Editor’s response to the Trayvon Martin verdict

I feel that I have been through a whirlwind of emotions with the Trayvon Martin case, like a wild roller coaster ride that never ends…until today. Today the roller coaster ride ends for me. I have passed through the emotional responses to the verdict from shock, to disbelief, to righteous anger, to now a pensive state. This pensive state has made me question what lesson that we, as a society can learn from the case. We all know the details and the outcome; the pundits on the cable news networks are having a field day.

I have decided to not listen to them. I have decided to go within myself and examine why this verdict has affected not only me, but the world consciousness at large. There must be a lesson in all of this. The struggle that I am having is trying to figure out exactly what that lesson is. Could the lesson be that we, as Americans, have an African American President, yet race relations are no better than in the 1960s? Has anything really changed since Dr. Martin Luther King Jr. made his “I Have a Dream” speech? How can this be? What possible lesson can society learn from the death of a young black man who was murdered in cold blood while his killer gets off scott free? This, my friends, is the question that we must ask ourselves both individually and collectively.

We cannot get to the point of asking the “why” until we get beyond the anger. But how do we get beyond the anger? Does anyone know? No one wants to simply resign themselves to the verdict, and that is understandable because the verdict was unjust. We must, however, take a deep look at ourselves introspectively as human beings on the individual level, and as members of humanity as a whole. Those of us who seek world peace are struggling today to try to maintain our balance. We want justice, yet justice has been denied. Is this denial of justice part of the bigger plan to raise the mass consciousness of society to do something about the injustice that people all over the world must face on a daily basis? But what can we do to get past the anger and concentrate on raising consciousness? I do not have an answer for that now, perhaps the wound is too deep, and the tragedy is too close to home, both socially and psychologically.
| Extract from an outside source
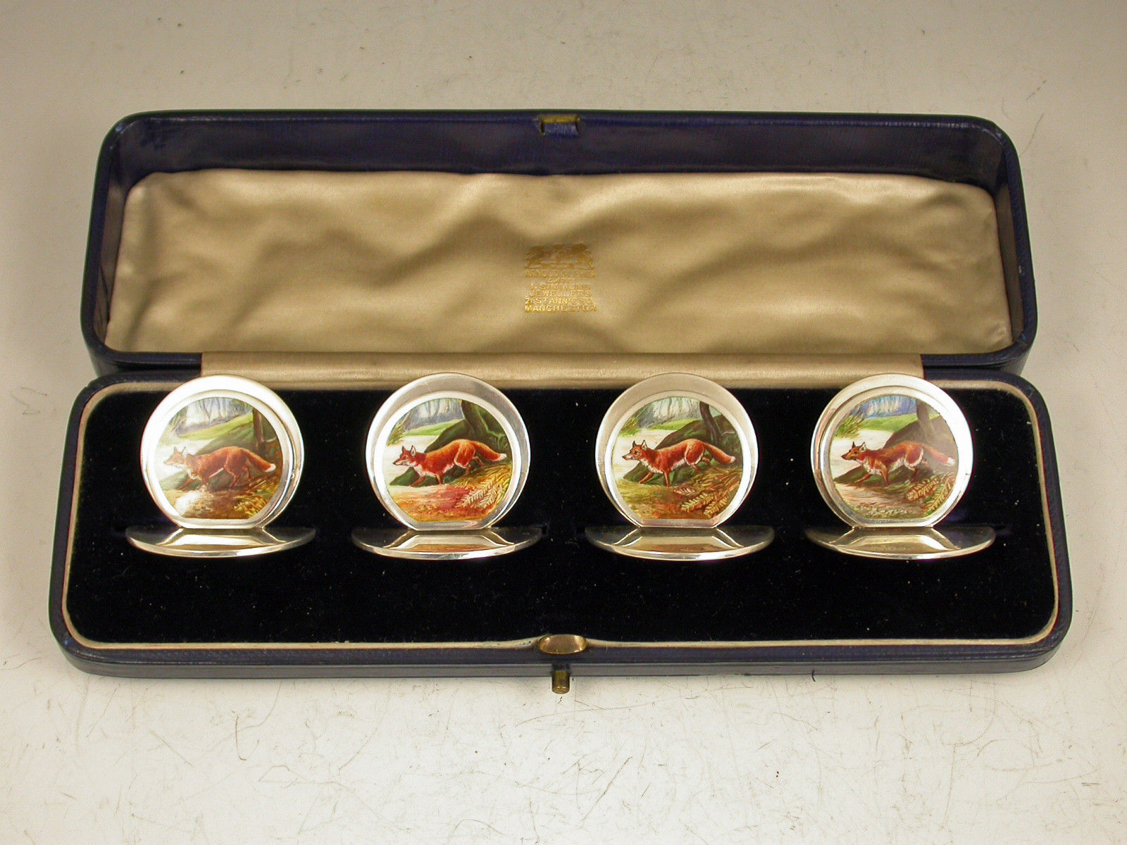 Cased Set 4 Edwardian Silver & Enamel 'Fox' Menu Holders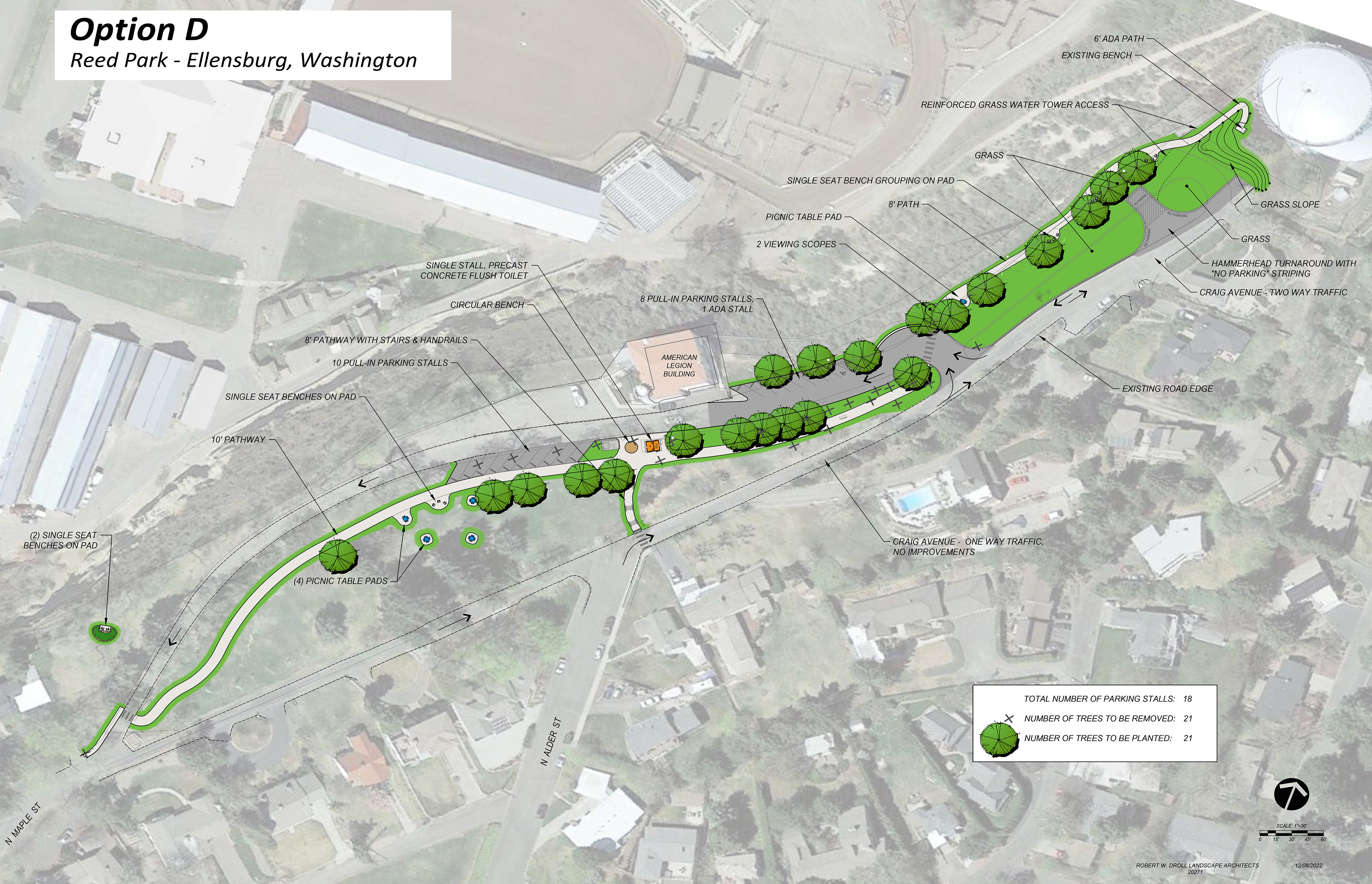 At their March 18, 2024 City Council Meeting, the Ellensburg City Council unanimously passed 'Reed Park Master Plan Option A (February 2024)' 7-0. The plan addresses pedestrian safety concerns brought forward by the community by creating a separated pathway throughout the park, maintains the total number of parking stalls at the park and American Legion, preserves the overlook viewpoint, and provides much needed park infrastructure improvements. City staff would like to thank the community for all the feedback that has been provided regarding the plan over the last two years. Throughout the master planning process, we have been reminded time and again how important this park is to the history of our community, and we believe the plan adopted by Council will continue to honor that history and create many more memories for generations to come.

Forgiveness appears to be the only answer. But who do we forgive? Is it Zimmerman? Is it the biased jury? Is it the complete breakdown of the American Justice System? Social activists would say that we need to “fix” the American Criminal Justice System, and would go on to cite all the many indignities that people have suffered because of it, Trayvon and his family included. They might advocate for the overturning of the “Stand Your Ground Law,” or push to reform gun control legislation. Well, Congress had the opportunity to reform gun control, but ignored American public opinion. So reforming the laws doesn’t seem to be the answer. I am not saying that activists of all sorts are not valuable in changing the way in which a society is run, however, at this point…how many people need to be murdered until the lawmakers get it.

We know that unless there is a shift from Republicans to Democrats in the House, nothing is going to change. All the activists can do is get out the vote the next election. This is not meant to be a political commentary, rather it is a commentary on where we are collectively, as human and sentient beings in the big picture, and that is mass consciousness. This is what we must truly examine, and dig deep within ourselves to find compassion for all of those involved in this case. It is a difficult task, but not an overwhelming one. This nation has made it through the OJ trial after all. Yes. The whole issue of race relations came out in that verdict too. But we, as a collective, got through it. Let us try to get through this in a way that will give solace to the many victims, including the friends and family of Trayvon, and all of us who grieve for him. We must do this to save ourselves and to move forward into a new, higher way of being human.